Phyllis Edith Mary Blythe (13 February 1912 – 31 October 2001), known professionally as Jenny Laird, was a British stage, film and television actress.

Early life and education
Born in Manchester, Laird and her parents moved to the south, and she was educated at Maidstone grammar school and London University. She worked briefly as an advertising copywriter while studying acting with teachers such as the Central School's legendary Elsie Fogerty and in 1937 she made her repertory debut at the Brixton Theatre in A Bill of Divorcement.

Theatre
Laird worked with director Alec Clunes at the Arts Theatre Club during its heyday in the 1940s and 1950s. What the actor-manager sought for the little underground playhouse in London's Great Newport Street was an audience "eager for intelligent and entertaining plays". Laird's acting went from strength to strength in Farquhar, Ibsen, Chekhov, Shaw and other modern plays. While at the Arts Theatre, she periodically returned to "commercial" theatre, playing Rose in The Recruiting Officer (1943) and Nora in A Doll's House (1945).

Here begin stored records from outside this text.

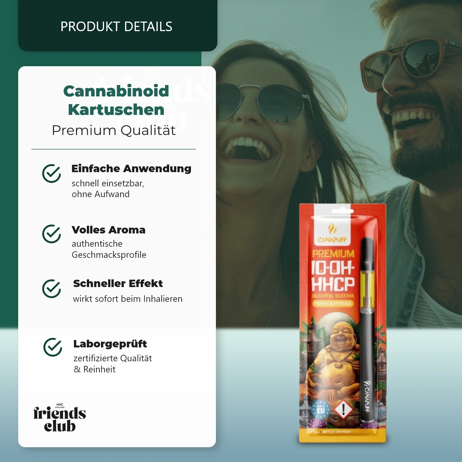 Mit dem 10-OH-P Pen + Cartridge Laughing Buddha 95% in 1ml erlebst du eine faszinierende Terpensorte, die mit einer einzigartigen Kombination aus schwarzen Lakritz- und Gewürzaromen überrascht. Diese treffen auf subtile Noten von Zeder und Diesel, was das Geschmackserlebnis intensiv und unverwechselbar macht. Laughing Buddha, ein Hybrid aus thailändischen und jamaikanischen Sorten, ist dafür bekannt, dir in jeder Situation Freude zu bringen – mit einem Lächeln im Gesicht und einer angenehmen, zimtigen Wärme auf der Zunge.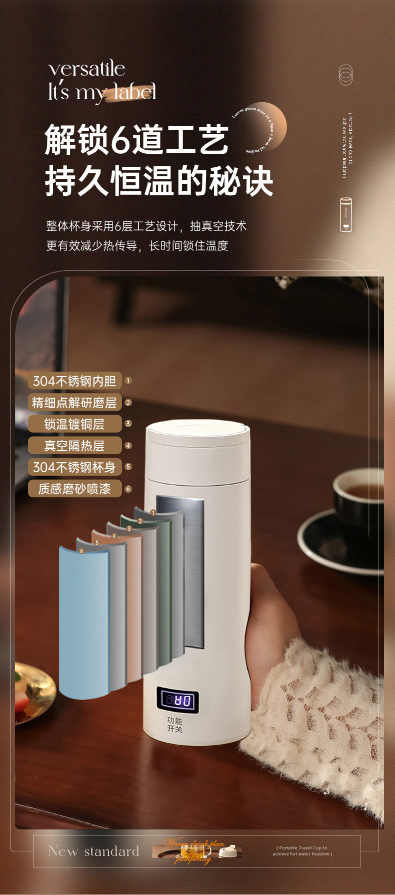 志高電熱カップ携帯型小型養生ポット電気加熱カップ保温恒温一体湯たんぽ保温カップ
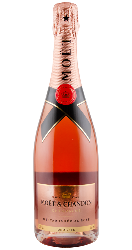 Moët & Chandon Nectar Impérial Rosé delicious demi-sec Champagne, known for its vibrant pink color and deep, fruit-forward character. Crafted from a carefully selected blend of Pinot Noir, Pinot Meunier, and Chardonnay, this rosé Champagne offers a luxurious balance of intensity, sweetness, and elegance.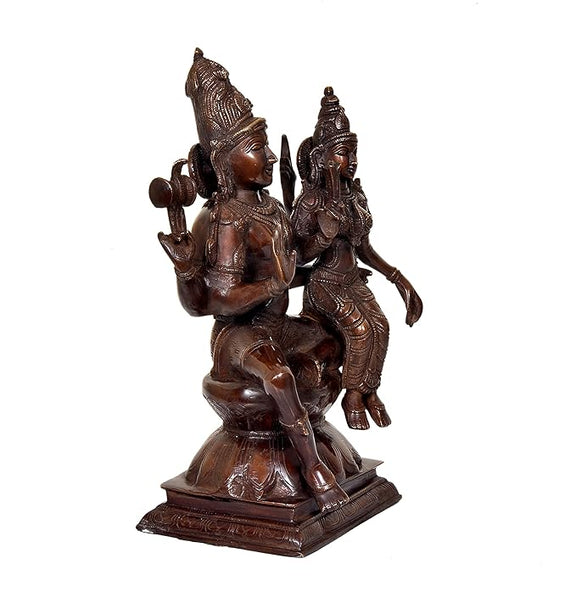 Brass Lord Shiva and Parvati Uma-Maheshwara Statue (Height: 15.2 Inches)

As Ellie, in the revival by Californian John Fernald (whom Laird married in 1947) of Shaw's Heartbreak House (1950), she revealed, one critic wrote, "an enchanting combination of youth and firmness. Her broken heart never ceased to glint through her mask of ice". Her shapely legs and green eyes figured prominently in West End plays by Ivor Novello, N. C. Hunter and Robert Morley.

Writing
With her husband, she co-wrote the West End comedy And No Birds Sing, adapted several plays from the French, and in 1977 wrote Mixed Economy, which played at the King's Head Theatre in Islington, starring Margaret Rawlings and Laird's daughter Karen Fernald.

Personal life
In 1947, Laird married her collaborator John Fernald; they had one daughter, Karen.

Selected filmography
 The Morals of Marcus (1935) - Maid (uncredited)
 Auld Lang Syne (1937) - Alison Begbie
 The Last Chance (1937) - Betty
 Passenger to London (1937) - Barbara Lane
 What a Man! (1938) - Daisy Pennyfeather
 Lily of Laguna (1938) - Jane Marshall
 Black Eyes (1939) - Lucy
 Just William (1940) - Ethel Brown
 The Lamp Still Burns (1943) - Ginger Watkins
 Painted Boats (1945) - Mary Smith
 Beware of Pity (1946) - Trudi
 Wanted for Murder (1946) - Jeannie McLaren
 Black Narcissus (1947) - Sister Honey
 Your Witness (1950) - Mary Baxter, Sam's Wife
 The Long Dark Hall (1951) - Mrs. Sims
 Life in Her Hands (1951) - Matron
 Gilbert Harding Speaking of Murder (1953) - Linda Maxwell
 Face in the Night (1957) - Postman's Widow
 Conspiracy of Hearts (1960) - Sister Honoria
 Village of the Damned (1960) - Mrs. Harrington
 The Masks of Death (1984) - Mrs. Hudson (U.S TV movie)

Television
 The Onedin Line (1972) (3 episodes)
 Doctor Who (1974) (Planet of the Spiders)
 Shoulder to Shoulder (1974) - Matron of Holloway Prison (Lady Constance Lytton)
 Secret_Army_(TV_series) (1974) - Little Old Lady (Else Lambrichts)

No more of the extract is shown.